• **ABOUT THIS EXERCISE**: Keep the pictures out of the copy and repeat the records exactly.

• **EXERCISE DATA**:
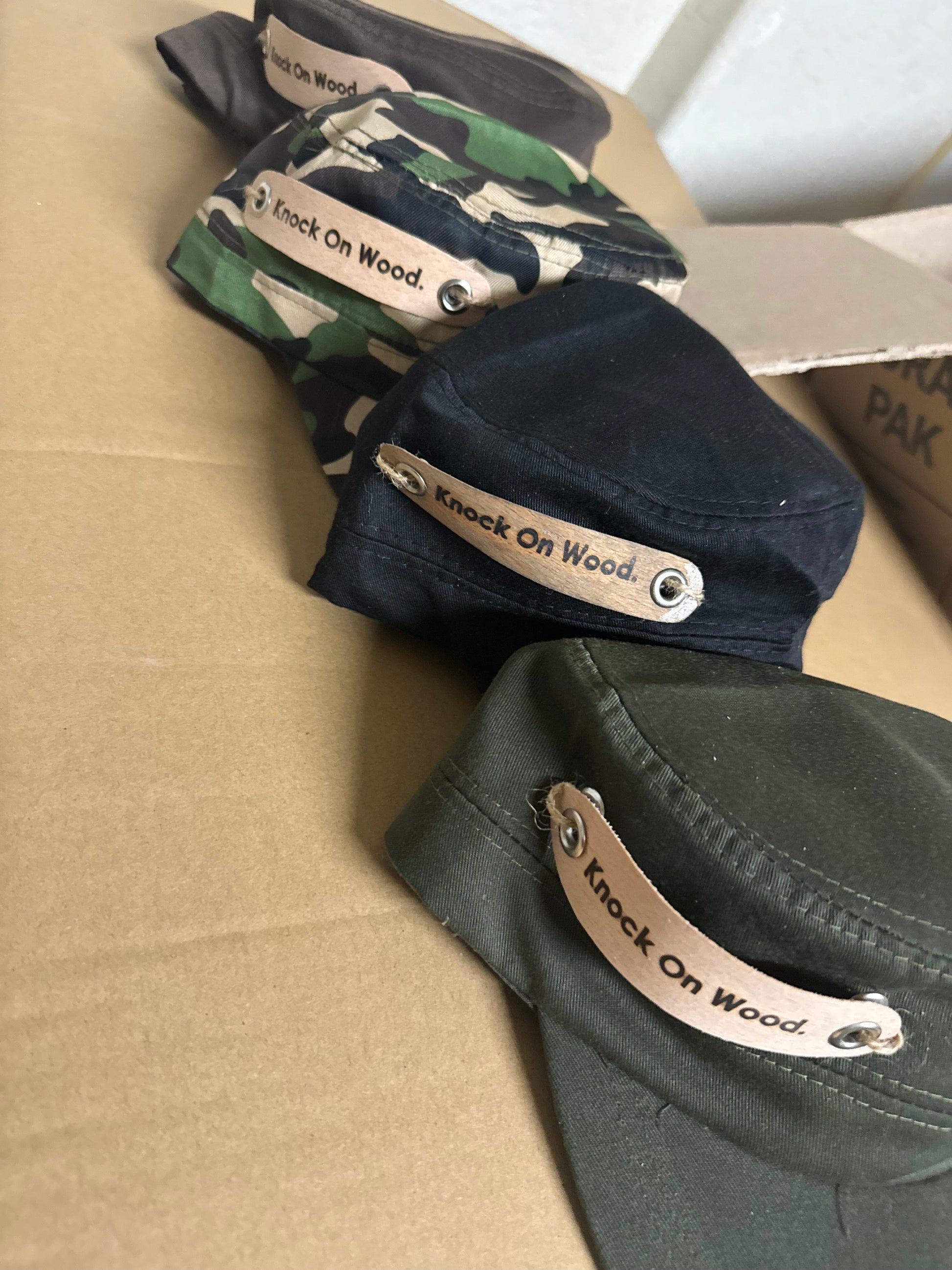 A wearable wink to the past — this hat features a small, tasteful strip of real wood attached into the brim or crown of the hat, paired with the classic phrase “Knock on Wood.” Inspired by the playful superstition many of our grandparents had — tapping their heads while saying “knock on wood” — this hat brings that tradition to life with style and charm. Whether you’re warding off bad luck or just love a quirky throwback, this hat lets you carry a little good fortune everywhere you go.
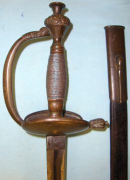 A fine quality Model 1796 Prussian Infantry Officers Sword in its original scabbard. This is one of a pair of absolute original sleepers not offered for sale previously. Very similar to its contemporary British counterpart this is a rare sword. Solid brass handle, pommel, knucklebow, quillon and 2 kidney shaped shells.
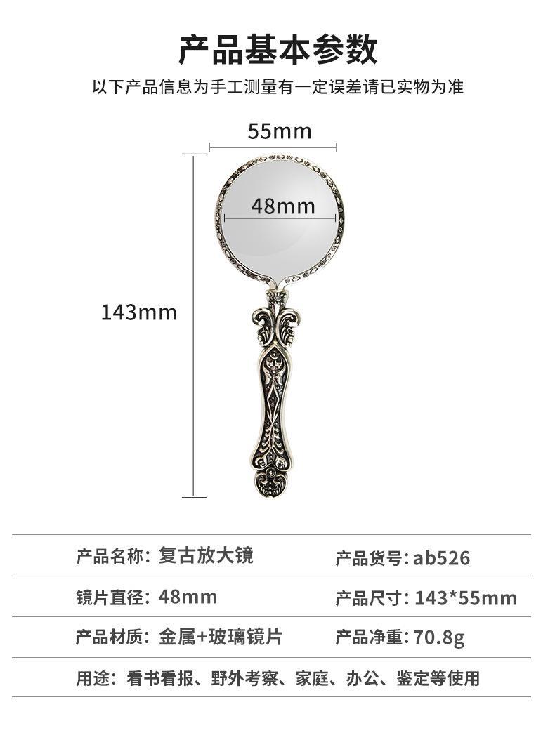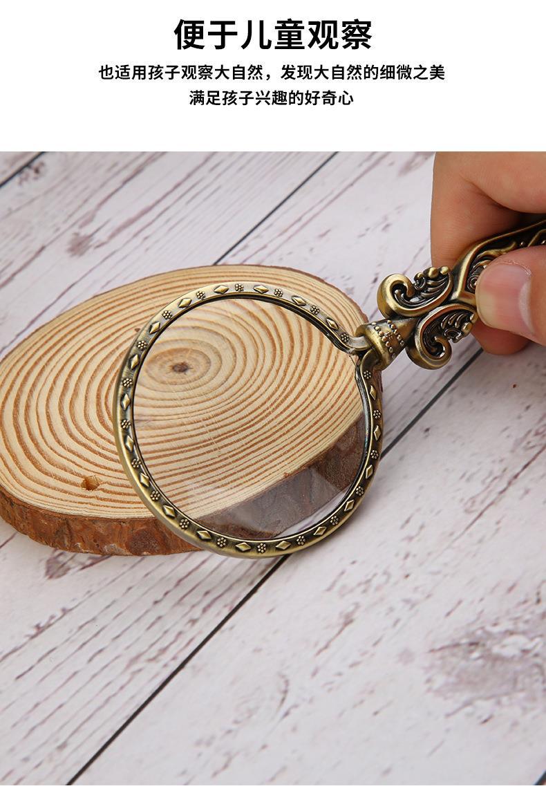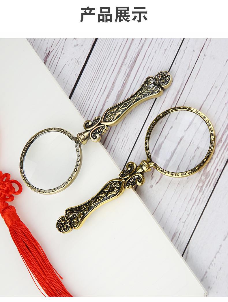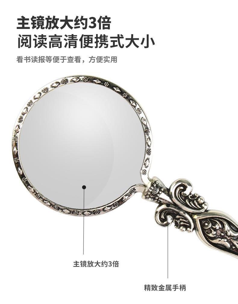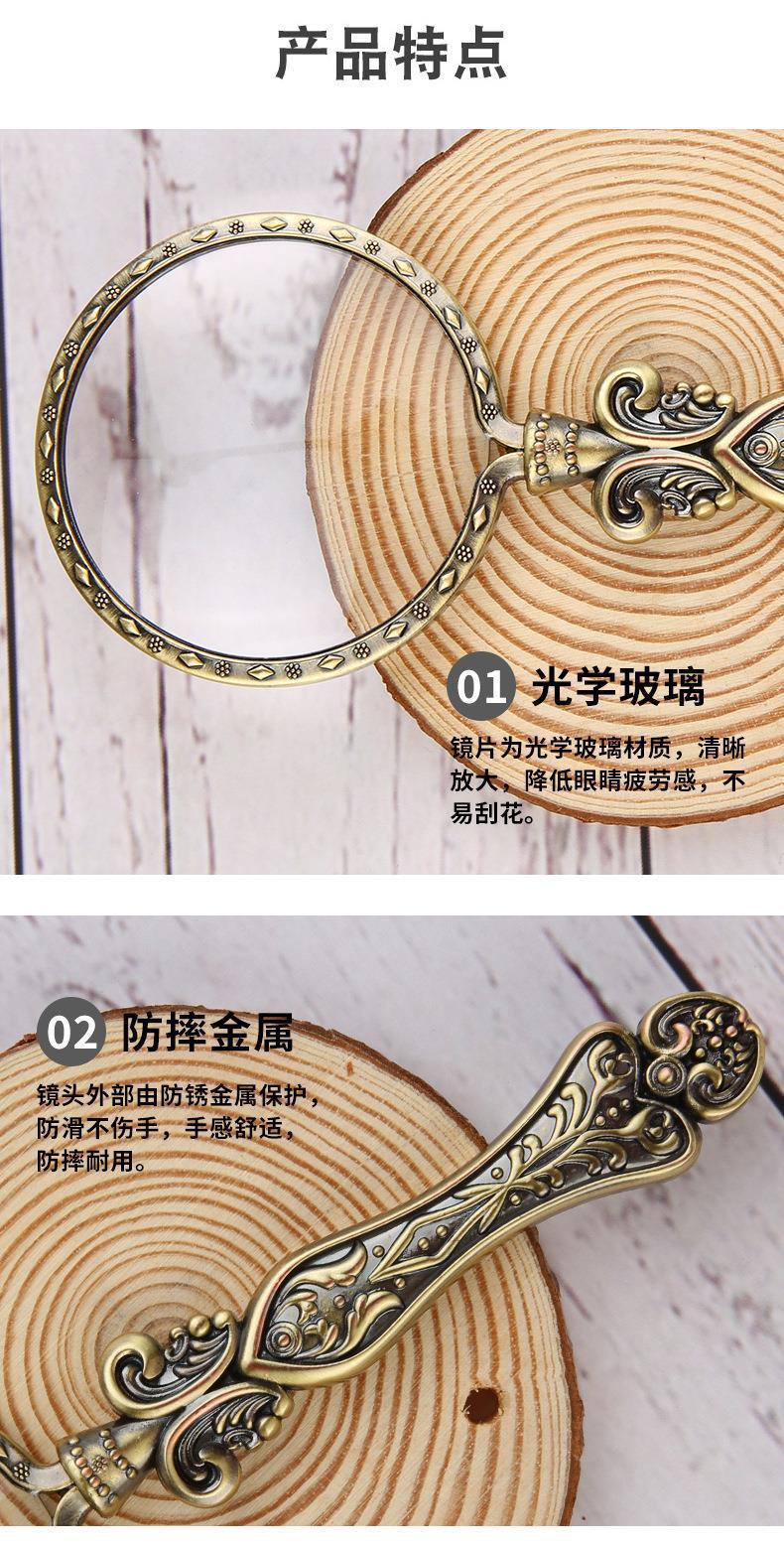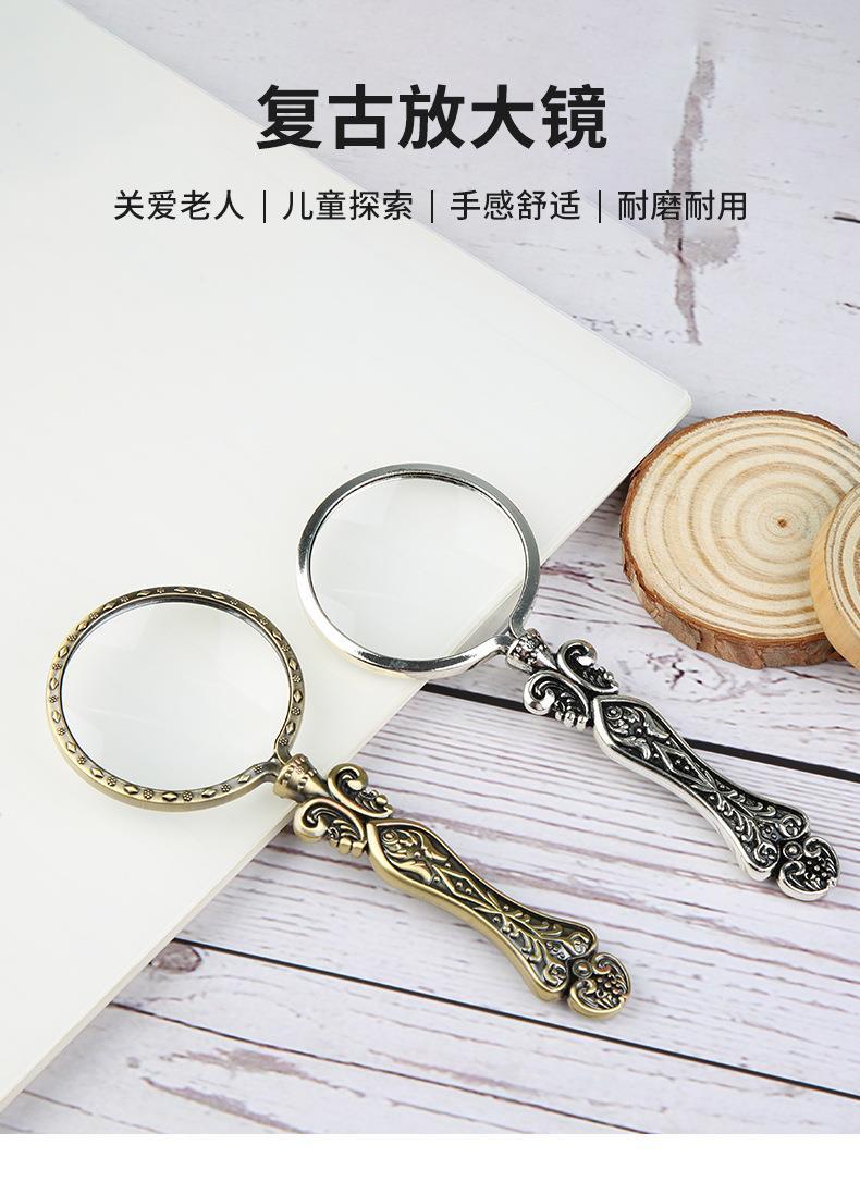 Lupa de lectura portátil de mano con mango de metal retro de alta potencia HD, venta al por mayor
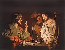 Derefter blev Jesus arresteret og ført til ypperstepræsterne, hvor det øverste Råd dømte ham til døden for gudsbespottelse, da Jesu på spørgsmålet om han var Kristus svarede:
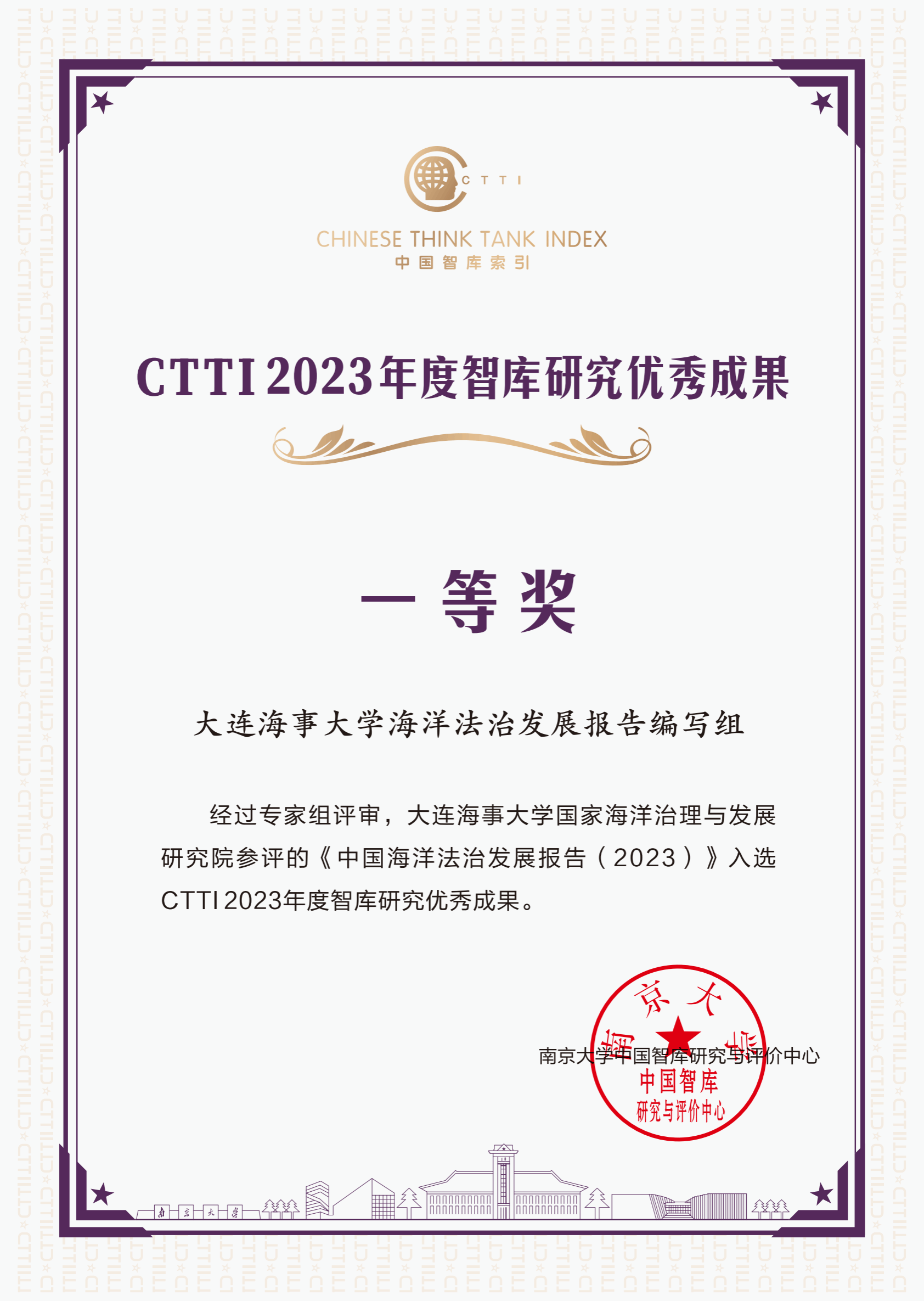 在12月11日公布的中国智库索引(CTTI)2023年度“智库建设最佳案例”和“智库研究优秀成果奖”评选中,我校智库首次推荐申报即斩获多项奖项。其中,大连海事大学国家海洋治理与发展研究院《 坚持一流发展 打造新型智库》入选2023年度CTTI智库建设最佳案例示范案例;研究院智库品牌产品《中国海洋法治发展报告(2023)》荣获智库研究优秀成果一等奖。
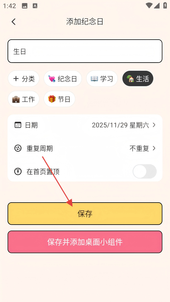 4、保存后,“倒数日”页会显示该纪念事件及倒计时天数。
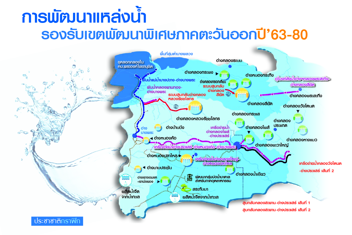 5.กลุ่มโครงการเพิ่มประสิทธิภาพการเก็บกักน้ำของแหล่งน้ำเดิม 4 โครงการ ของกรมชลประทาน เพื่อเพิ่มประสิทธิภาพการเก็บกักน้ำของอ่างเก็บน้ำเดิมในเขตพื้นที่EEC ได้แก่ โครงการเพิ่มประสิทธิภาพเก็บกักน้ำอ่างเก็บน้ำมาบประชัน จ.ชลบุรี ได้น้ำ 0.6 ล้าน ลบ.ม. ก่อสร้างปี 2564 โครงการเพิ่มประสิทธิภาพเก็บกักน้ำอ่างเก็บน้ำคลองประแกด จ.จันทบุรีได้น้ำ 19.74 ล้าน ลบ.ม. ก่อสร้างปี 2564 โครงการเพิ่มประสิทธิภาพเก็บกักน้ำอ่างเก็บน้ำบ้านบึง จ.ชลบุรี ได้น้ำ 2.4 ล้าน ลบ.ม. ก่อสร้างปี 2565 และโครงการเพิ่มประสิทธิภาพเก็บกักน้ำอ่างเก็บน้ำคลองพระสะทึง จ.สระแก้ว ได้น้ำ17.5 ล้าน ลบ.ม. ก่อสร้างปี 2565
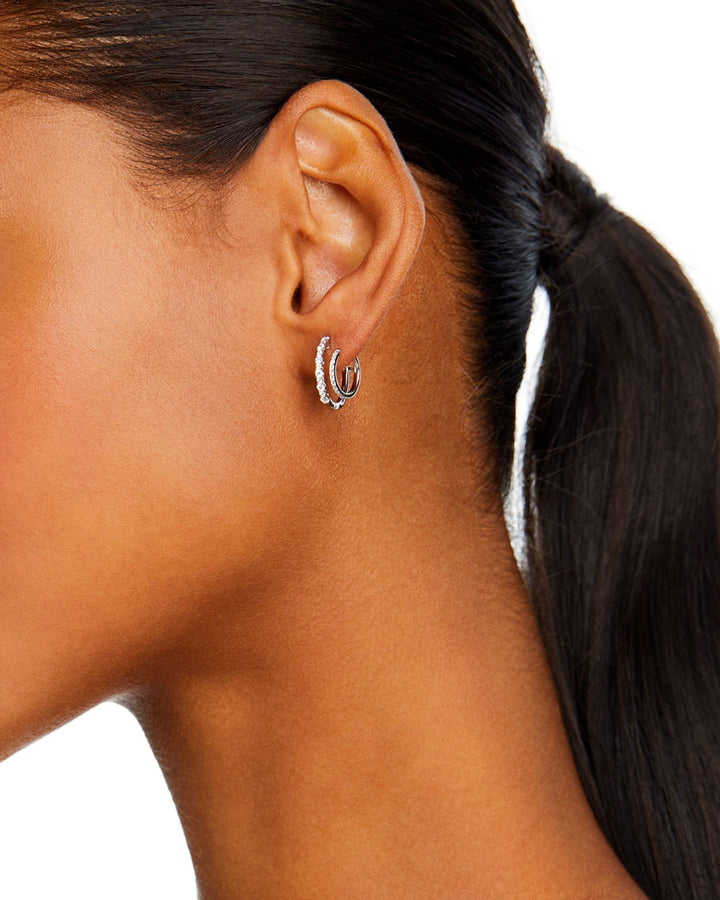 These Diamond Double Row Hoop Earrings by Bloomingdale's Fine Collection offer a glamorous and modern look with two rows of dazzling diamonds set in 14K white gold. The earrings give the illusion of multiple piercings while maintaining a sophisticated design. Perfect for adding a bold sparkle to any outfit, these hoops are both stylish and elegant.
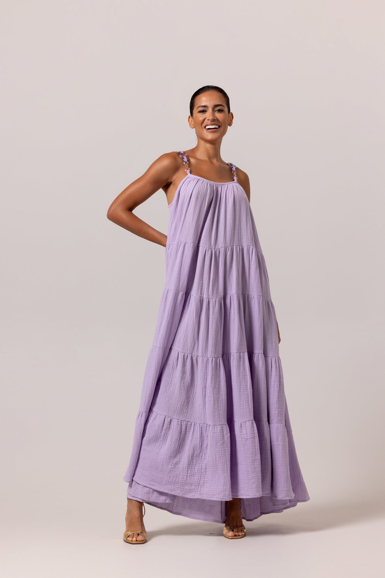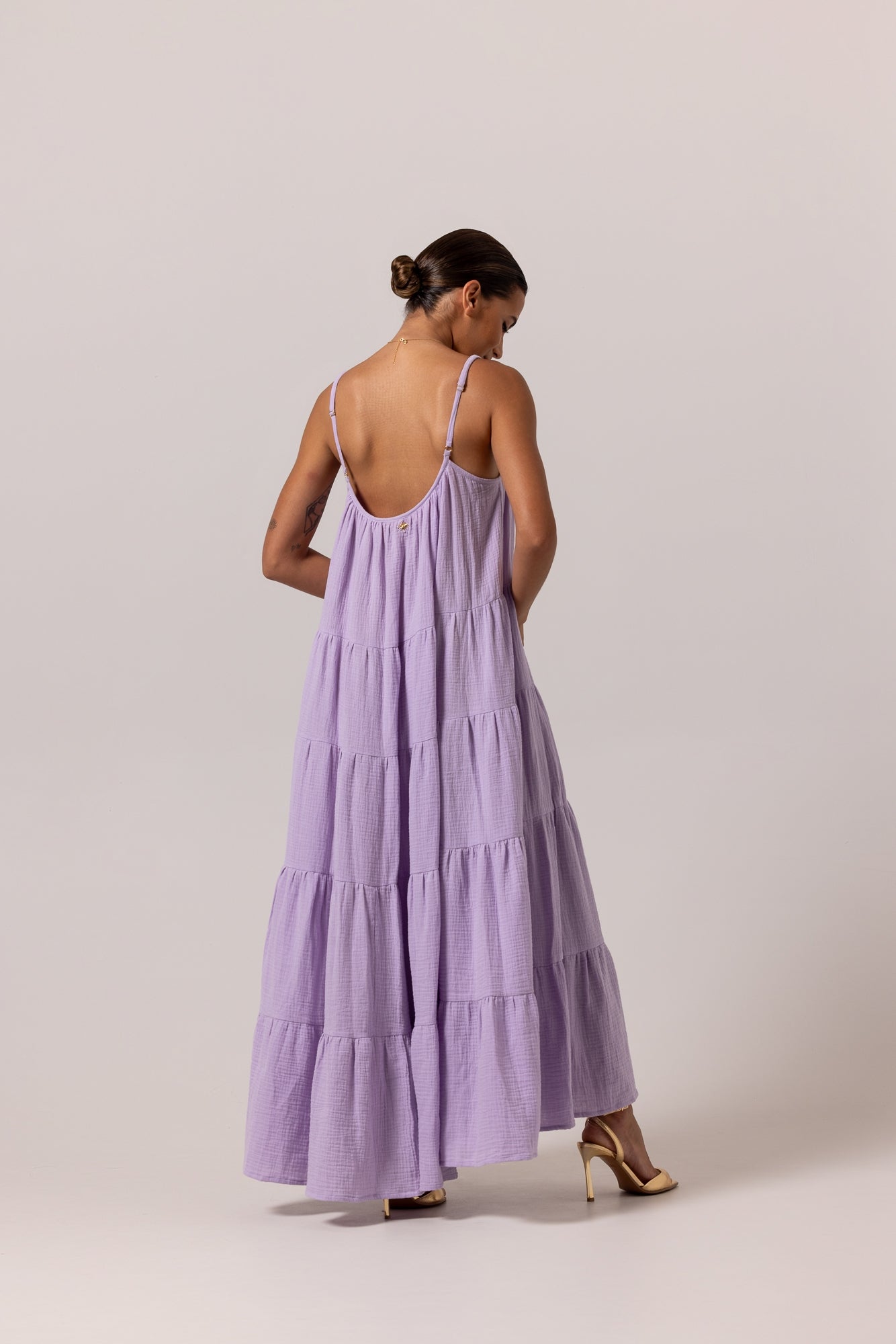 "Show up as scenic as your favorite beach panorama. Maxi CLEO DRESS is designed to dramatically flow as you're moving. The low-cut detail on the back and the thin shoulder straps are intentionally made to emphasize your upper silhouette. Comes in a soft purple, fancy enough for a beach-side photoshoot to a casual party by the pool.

• **YOUR RESPONSE**:
 A wearable wink to the past — this hat features a small, tasteful strip of real wood attached into the brim or crown of the hat, paired with the classic phrase “Knock on Wood.” Inspired by the playful superstition many of our grandparents had — tapping their heads while saying “knock on wood” — this hat brings that tradition to life with style and charm. Whether you’re warding off bad luck or just love a quirky throwback, this hat lets you carry a little good fortune everywhere you go.
 A fine quality Model 1796 Prussian Infantry Officers Sword in its original scabbard. This is one of a pair of absolute original sleepers not offered for sale previously. Very similar to its contemporary British counterpart this is a rare sword. Solid brass handle, pommel, knucklebow, quillon and 2 kidney shaped shells.
 Lupa de lectura portátil de mano con mango de metal retro de alta potencia HD, venta al por mayor
 Derefter blev Jesus arresteret og ført til ypperstepræsterne, hvor det øverste Råd dømte ham til døden for gudsbespottelse, da Jesu på spørgsmålet om han var Kristus svarede:
 在12月11日公布的中国智库索引(CTTI)2023年度“智库建设最佳案例”和“智库研究优秀成果奖”评选中,我校智库首次推荐申报即斩获多项奖项。其中,大连海事大学国家海洋治理与发展研究院《 坚持一流发展 打造新型智库》入选2023年度CTTI智库建设最佳案例示范案例;研究院智库品牌产品《中国海洋法治发展报告(2023)》荣获智库研究优秀成果一等奖。
 4、保存后,“倒数日”页会显示该纪念事件及倒计时天数。
 5.กลุ่มโครงการเพิ่มประสิทธิภาพการเก็บกักน้ำของแหล่งน้ำเดิม 4 โครงการ ของกรมชลประทาน เพื่อเพิ่มประสิทธิภาพการเก็บกักน้ำของอ่างเก็บน้ำเดิมในเขตพื้นที่EEC ได้แก่ โครงการเพิ่มประสิทธิภาพเก็บกักน้ำอ่างเก็บน้ำมาบประชัน จ.ชลบุรี ได้น้ำ 0.6 ล้าน ลบ.ม. ก่อสร้างปี 2564 โครงการเพิ่มประสิทธิภาพเก็บกักน้ำอ่างเก็บน้ำคลองประแกด จ.จันทบุรีได้น้ำ 19.74 ล้าน ลบ.ม. ก่อสร้างปี 2564 โครงการเพิ่มประสิทธิภาพเก็บกักน้ำอ่างเก็บน้ำบ้านบึง จ.ชลบุรี ได้น้ำ 2.4 ล้าน ลบ.ม. ก่อสร้างปี 2565 และโครงการเพิ่มประสิทธิภาพเก็บกักน้ำอ่างเก็บน้ำคลองพระสะทึง จ.สระแก้ว ได้น้ำ17.5 ล้าน ลบ.ม. ก่อสร้างปี 2565
 These Diamond Double Row Hoop Earrings by Bloomingdale's Fine Collection offer a glamorous and modern look with two rows of dazzling diamonds set in 14K white gold. The earrings give the illusion of multiple piercings while maintaining a sophisticated design. Perfect for adding a bold sparkle to any outfit, these hoops are both stylish and elegant.
 "Show up as scenic as your favorite beach panorama. Maxi CLEO DRESS is designed to dramatically flow as you're moving. The low-cut detail on the back and the thin shoulder straps are intentionally made to emphasize your upper silhouette. Comes in a soft purple, fancy enough for a beach-side photoshoot to a casual party by the pool.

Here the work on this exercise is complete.